I jump to my feet, frantically searching the room for the chest that the letters came in. Which one was it? The one with the brass buckles or a plain one? Have we yet burned it? I race back downstairs, heading for the first floor storage room, where Nemeth painstakingly detailed our supplies and made plans for them to last us. I find the chest in question, and, panting with anticipation, I pull it free and flip it open. Still full of herbs. I pull the bags out and when they are removed, I can see a dainty fabric glued to the bottom of the chest itself, with a delicate repeating pattern. I skim my fingers over the fabric, holding the lamp up to see. Sure enough, there is a hint of a bulge, and when I run my fingers over the lining, there’s a give, as if a thick sheaf of parchment is underneath.

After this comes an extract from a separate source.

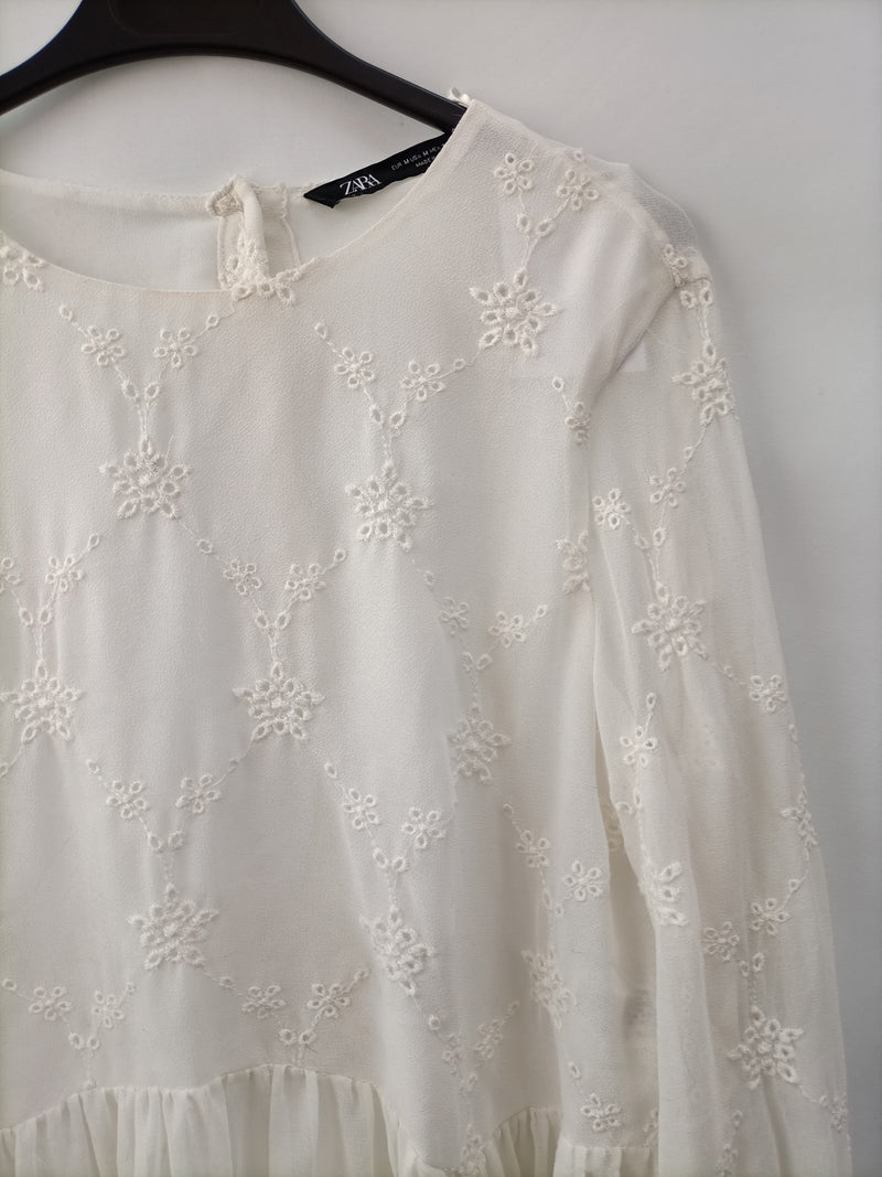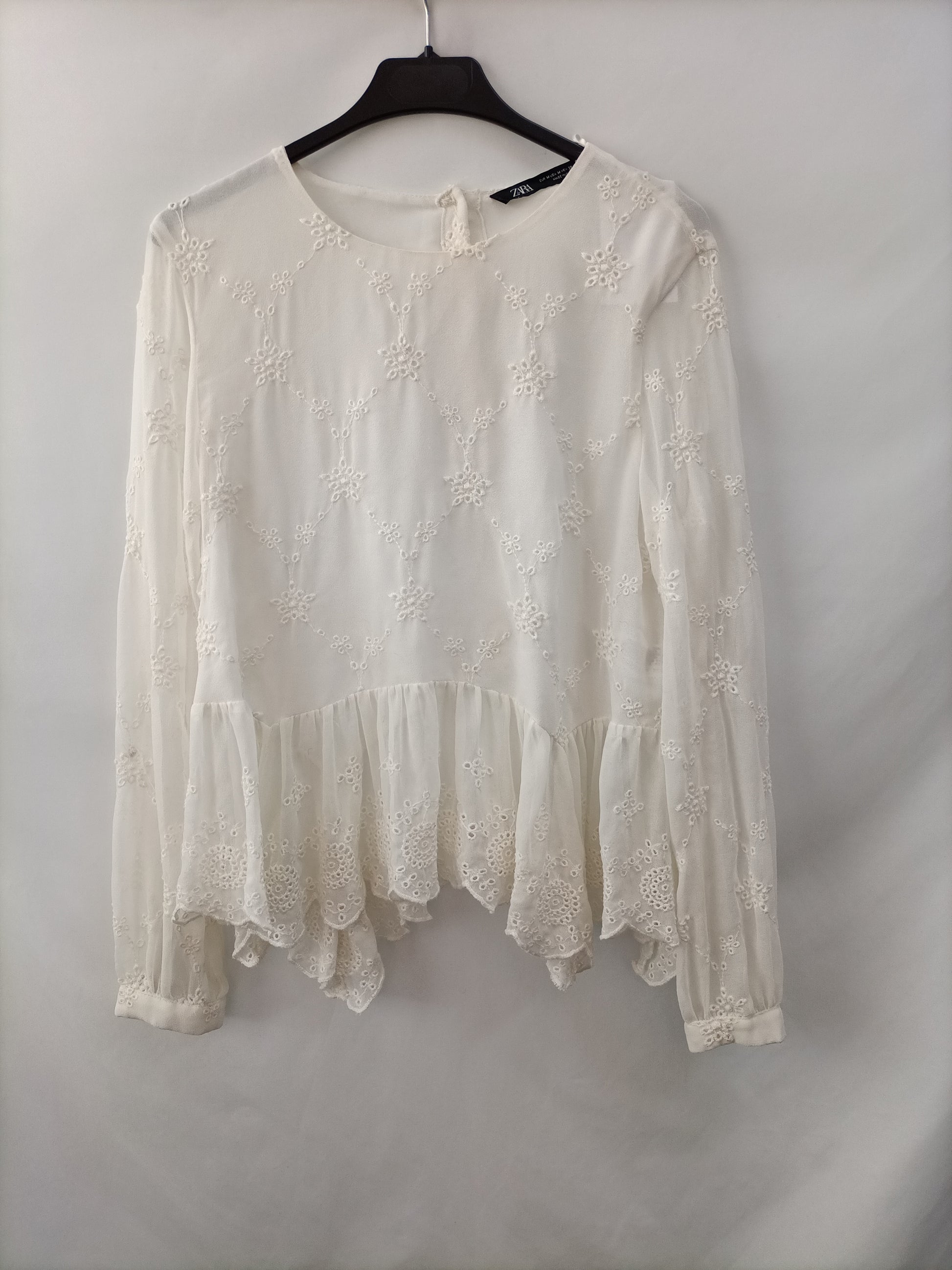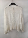 Blusa beige de encaje abotonada por la espalda. Semitransparente, no es elástica. De sisa a sisa 44 cm largo 58 cm

Using my fingernails, I pry the lining up and snatch the letter inside. It’s folded and sealed with Erynne’s scented wax, the impression of House Vestalin’s symbol staring back at me. I flick a finger under the wax and unfold the letter.

A small pouch flutters into my lap as I do.

This time, the message is brief.

Candra,

I am told the Fellian yet lives in the tower with you. The war goes badly and we need to send a message. I’ve sent you the tools. Do not be a coward.

For Lios,

Erynne.

I stare at the letter and read it again.

And a third time. Because I cannot believe what it says. Erynne knows I didn’t kill Nemeth and now she’s demanding that I do so? She’s sent poison along? I push the sachet off my lap in horror and skim the message again, looking for more hidden messages. There is nothing I can see, no strange letters more pronounced than others.

The writing is unmistakably Erynne’s, as well.

They know he’s alive…how? There must be a spell of some kind that tells her of our doings. If she gave me a magical knife that answers questions, it stands to reason that she would have a second for herself. She can’t see inside the tower itself, I don’t think, or she would know that Nemeth and I share every meal. That he takes care of me. That the idea of killing him is unthinkable.

For the first time since I’ve arrived, I don’t feel helpless guilt over my sister’s commands.

Instead, I’m enraged.

How dare Erynne ask for this? How dare she demand that I kill my only company? The man who has been nothing but kind and protective to me? Who saved me from those men below? My cheek still throbs from the smack across the face I was dealt. I think of Nemeth’s poor wing, and how distraught he was over the wound. How he didn’t want to show it to me because he felt responsible for his wing’s destruction.

How wings are useless in a tower.

My heart hurts. Here I’ve been so focused on my own struggle that I’ve failed to acknowledge Nemeth’s. However hard it is for me to be here, it’s equally difficult—or more so—for him. I can’t imagine having the freedom to fly and then being trapped here in the tower. I’ve always been forced indoors due to my illness, never very far away from a nurse or an assistant who can administer my potion.

A potion that I have to administer to myself tonight, since Nemeth is probably going to be unconscious for the remainder of the day, drunk and relaxed.

I head for the garderobe, and I toss the packet of poison in without hesitation. Then I’m going to start a fire to cook a meal, brew my potion…and burn my sister’s letter.

The gods can take Erynne’s plans and send them straight to the Gray Lands. I’ve got plans of my own and they don’t involve killing Nemeth to send a message of any kind. She thinks I’m a coward? I’m going to show her a different sort of bravery and do the very thing I’m terrified of.

I’m going to marry Nemeth.

Provided that’s still what he wants, of course. But I know a sure way to find out.